HUMAN MEMORIAL

“The Empty Plinth” (2022)

“The Empty Plinth” (2022) is a 3-channel film documenting a series of workshops, rehearsals and public performances exploring the decolonisation of public space in Sheffield. Workshop leaders: Yuen Fong Ling, Nathan Geering; participants: Samara Casewell, Marcus Smith, Rebecca Solomon, Darwin Taylor, and Sam Underwood Doherty. Film production by LUMO FILM.

Supported by AHRC funded SAFEDI (Social Art for Equality Diversity and Inclusion) Research Project, led by MMU, AXIS and SAN (Social Art Network), in partnership with Sheffield City Council, Sheffield Museums and Heritage Trust, Sheffield City Archives and Local Studies Library, and Sheffield Hallam University.      

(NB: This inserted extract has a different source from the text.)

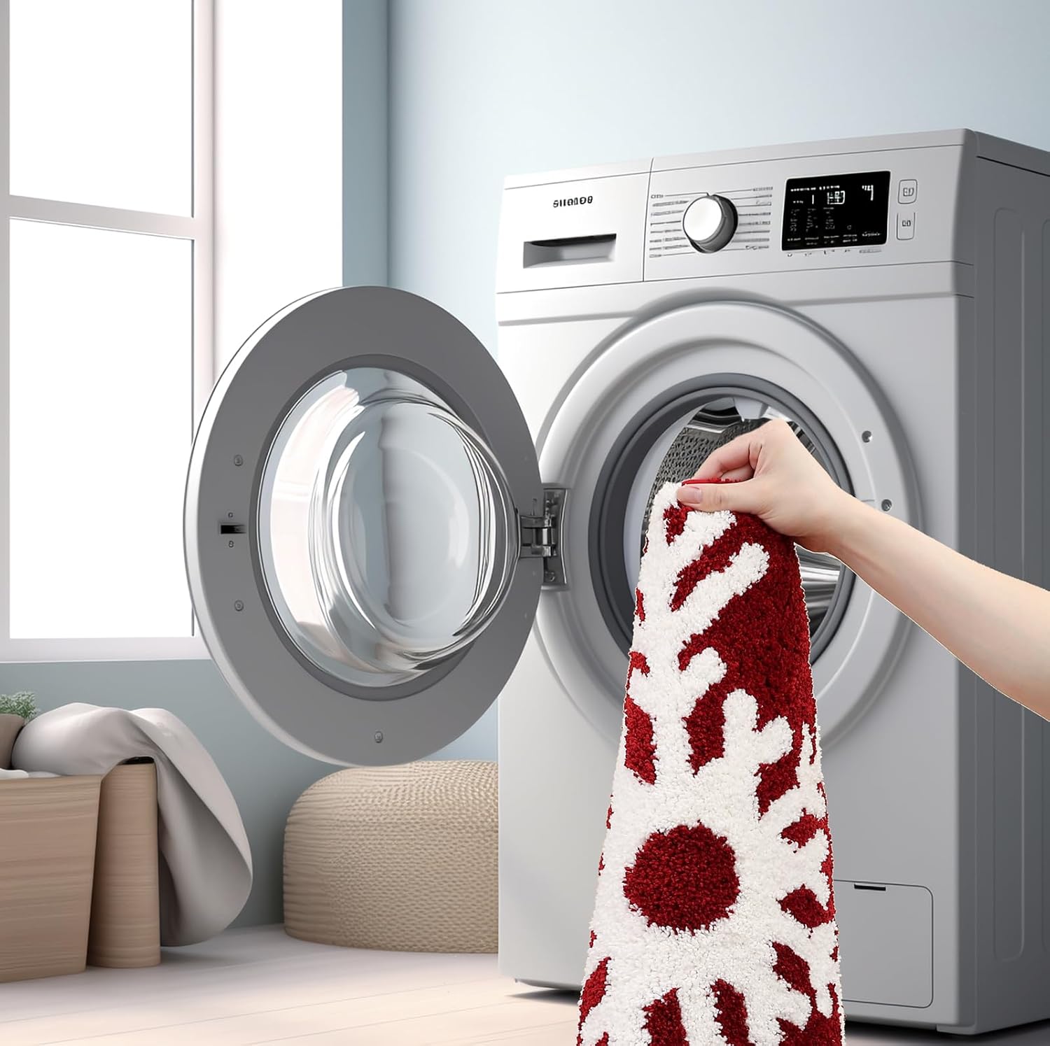 DECORACIONES DE BAÑO DE NAVIDAD: La alfombra de baño con temática de invierno combina una silueta rectangular simple para crear el punto focal perfecto para todas las festividades de invierno. Los contornos minimalistas de las imágenes del invierno deleitan de una alegría y fondo rojo

N.B. Each of the three films are to be viewed simultaneously across three separate video monitors and headphones, allowing the viewer greater interactivity to see the films partially, as a whole, and individually.

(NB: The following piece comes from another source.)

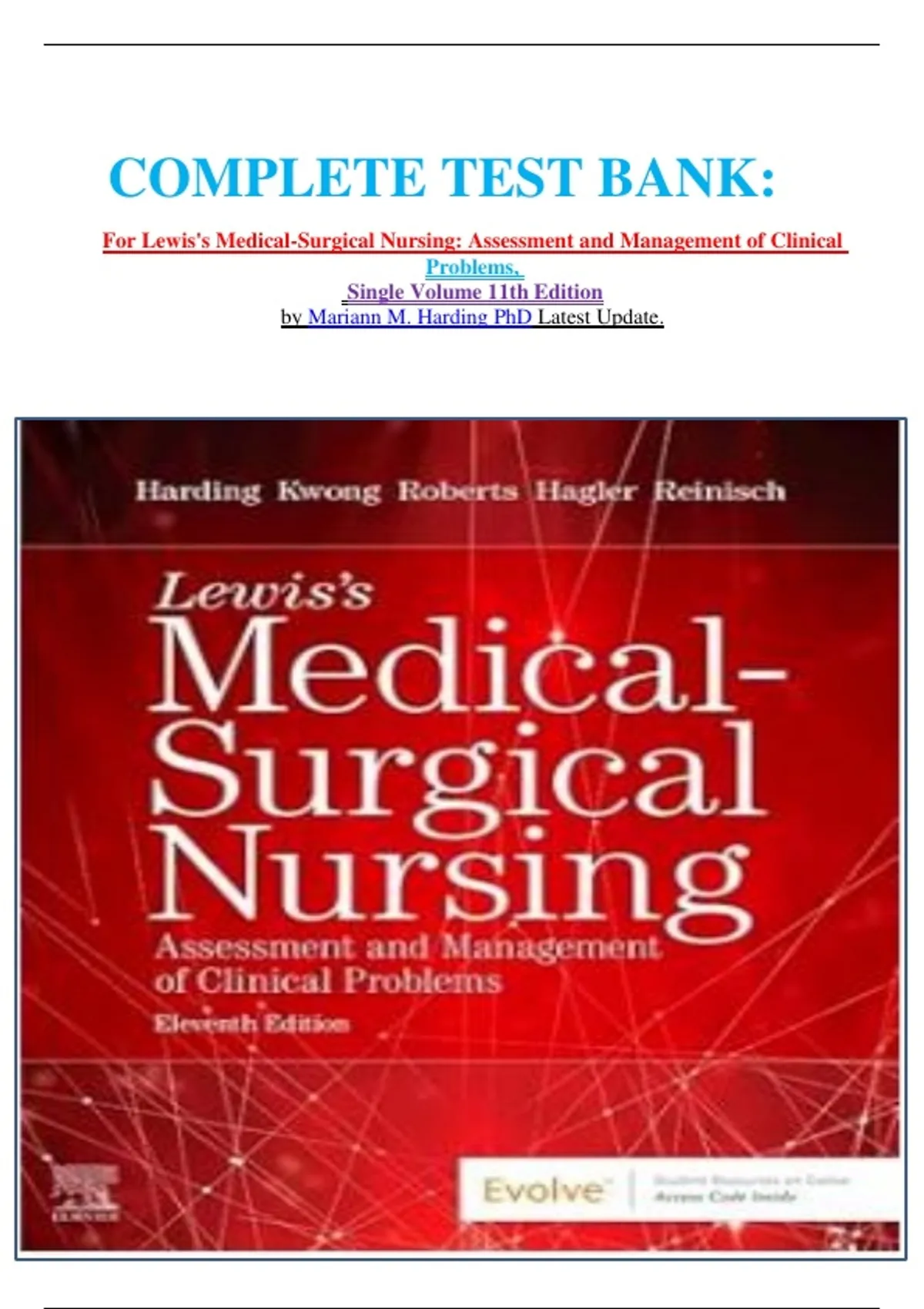 COMPLETE TEST BANK: For Lewis's Medical-Surgical Nursing: Assessment and Management of Clinical Problems, Single Volume 11th Edition by Mariann M. Harding PhD Latest Update.

The film charts the development of a group of performers as they question the impact of decolonisation and public space, as a result of the Black Live Matter movement and Rhodes Must Fall campaign to remove monuments to Britain’s colonial history. From rehearsal and theatre spaces to public spaces, the performers build and create structures with their own and each other’s bodies, while discussing the dismantling and breaking down of institutional ideologies and conventions. The public performances took place in Summer 2021 and Spring 2022, taking an empty plinth to streets named in commemoration to Britain’s colonial and de-colonial history. Importantly, the film also considers the impact on artists of colour, with lived experience of racism, how we deal with the past, what needs to change, and what we celebrate in the future?

“The Empty Plinth” (2022) is the result of an ongoing research inquiry “The Human Memorial” by the lead artist curator and researcher Yuen Fong Ling, considering alternative forms of public memorial and monument making. The research considers the role of social art practice as the solution to contentious public statuary, exploring methods of co-authorship and collaboration. The research aims to develop inclusive procedures in the commissioning of public art, developing authentic community participation, and a culture of change at strategic planning and policy level. The research has been informed by Ling advising Sheffield City Council’s heritage working group tasked to decolonise street names, statues and monuments in the city, and as commissioner for Sheffield’s Race Equality Commission highlighting racial inequality within the city’s institutions and organisations.